Pero la desnudez, la floración de su naturaleza ontológica en estado puro, continuó. Después de salir últimos en el torneo, contrataron un nuevo técnico, Néstor Gorosito (dicen que Ramón Díaz, “ídolo riverplatense”, pidió demasiada plata, ja!). En plan de generar nuevos bríos de reconstrucción, lo que el Pipo consideró más conveniente fue decir que si efectivamente le traen al Ogro Fabiani, desde Newells, el delantero “puede llegar a ser como el Mellizo”. No sólo no tienen presente, no tienen referencias propias siquiera a las cuales asirse. Por eso comparan con el astro boquense nacido en Gimnasia de La Plata, Guillermo Barros Schelotto, cuya persistente idolatría quién sabe cuánto debe a su efectivamente hermoso desempeño en la cancha y cuánto está signada por su buena relación con la mafiosa barra brava y la dirigencia macrista. Porque, digámoslo, aunque apilando triunfos y también mucha cátedra de buen fútbol, Boca tuvo una última docena de años complicada, marcada por el devenir macrista de su destino.
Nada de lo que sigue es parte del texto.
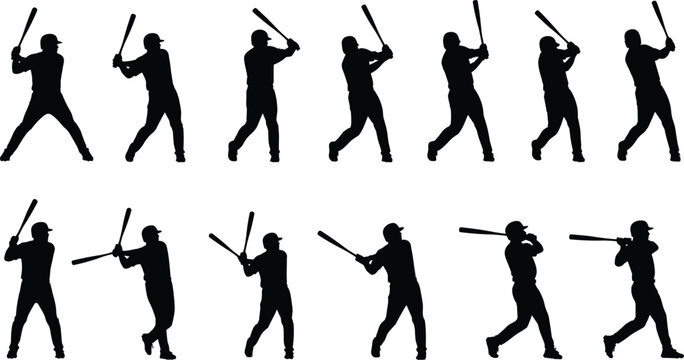 Baseball player action silhouette collection with batting throwing and running poses sports motion black vector set
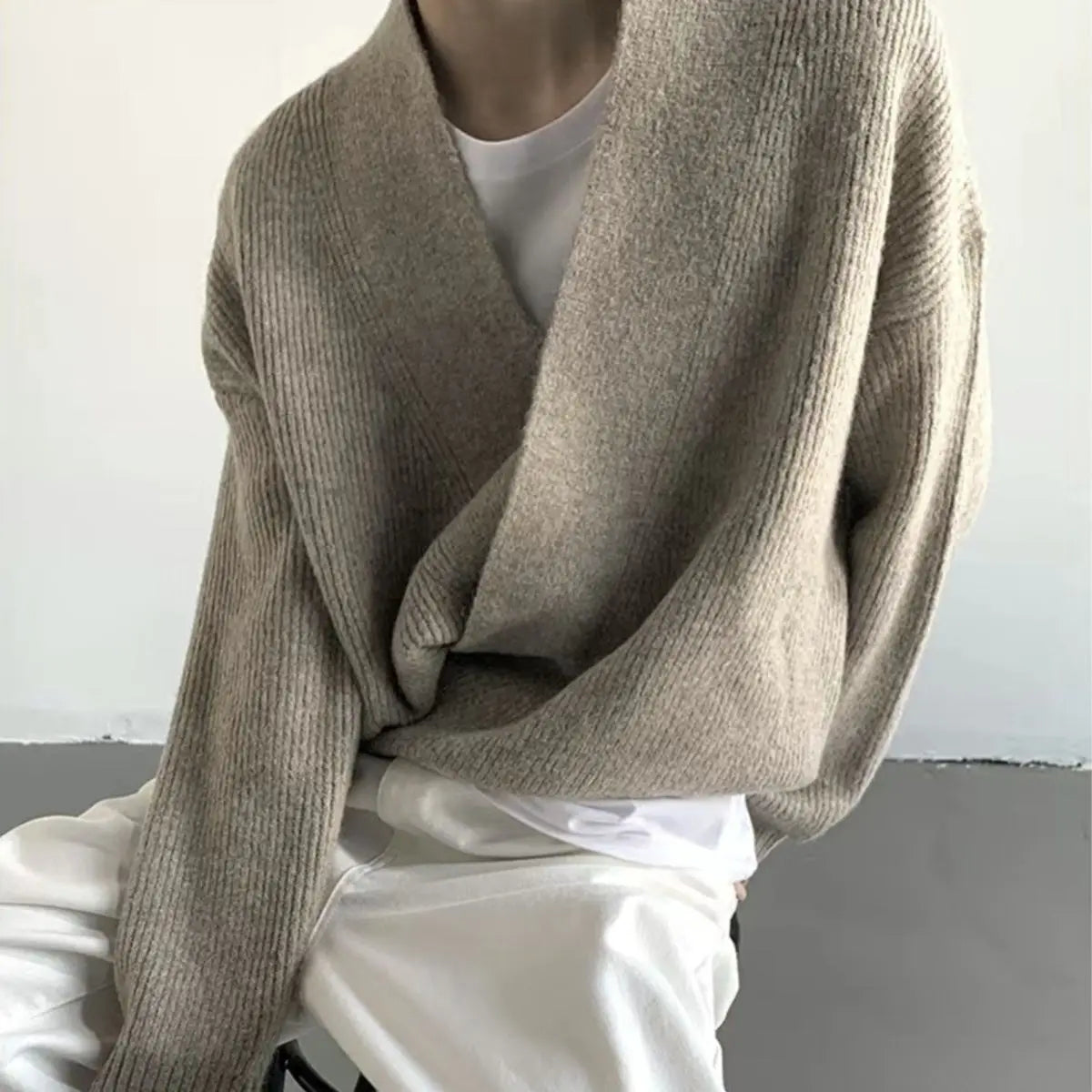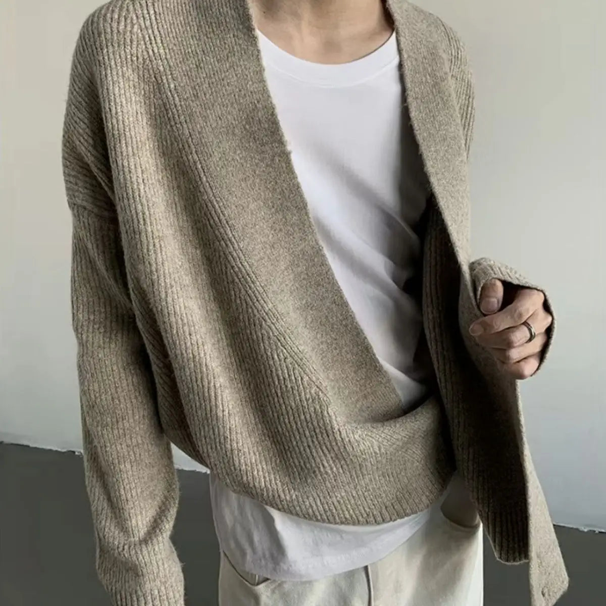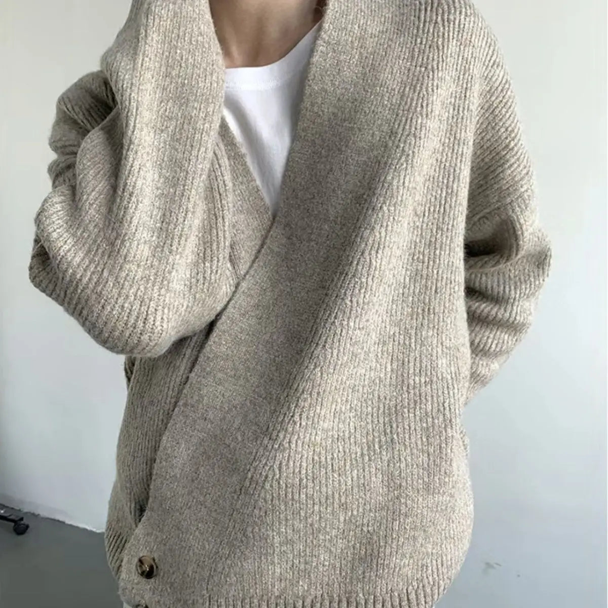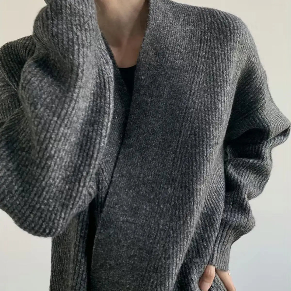 BONSIR - Autumn and winter simple design drop-down cardigan sweater loose lazy men's and women's casual knitted sweater jacket

Empero, como se ha señalado, boca tiene una resistencia que ni qué, mayor que la de la propia Ciudad de Buenos Aires. Acaso la muerte de nuestro presidente Pompilio, parece que a causa de un viagrazo entre las piernas de una tal Jesica Cirio, hable de lo pronto que retorna el espíritu festivo y jolgorioso después del canalla, higienista y anti mitológico eficientismo macrista. Boca resiste períodos anti-bosteros porque en realidad alberga todas las tendencias sociales en su seno y nunca nada puede alterar su esencia. Boca es algo que se da por sentado. Ni hace falta sacar remeras al son de eventos del mero calendario deportivo; se visten las remeras siempre como festejo de sí mismas. A Boca jamás podría hacer falta defenderlo, porque Boca es todo, es fiesta incluso en la derrota (como quedó claro en el larguísimo período de sequía entre el Maradona del 81 y el Bianchi del 98), y, además, todo el resto, en el fondo define sus coordenadas de existencia en relación con Boca. El resto de los equipos debería estar orgulloso de ser argentinos, precisamente de ser compatriotas de Boca, porque eso significa que, desde su lugar, participan de Boca. Y los argentinos, todos, podríamos tener un gesto magno de confraternidad y lástima redentora: ofrezcamos una amnistía para gallinas.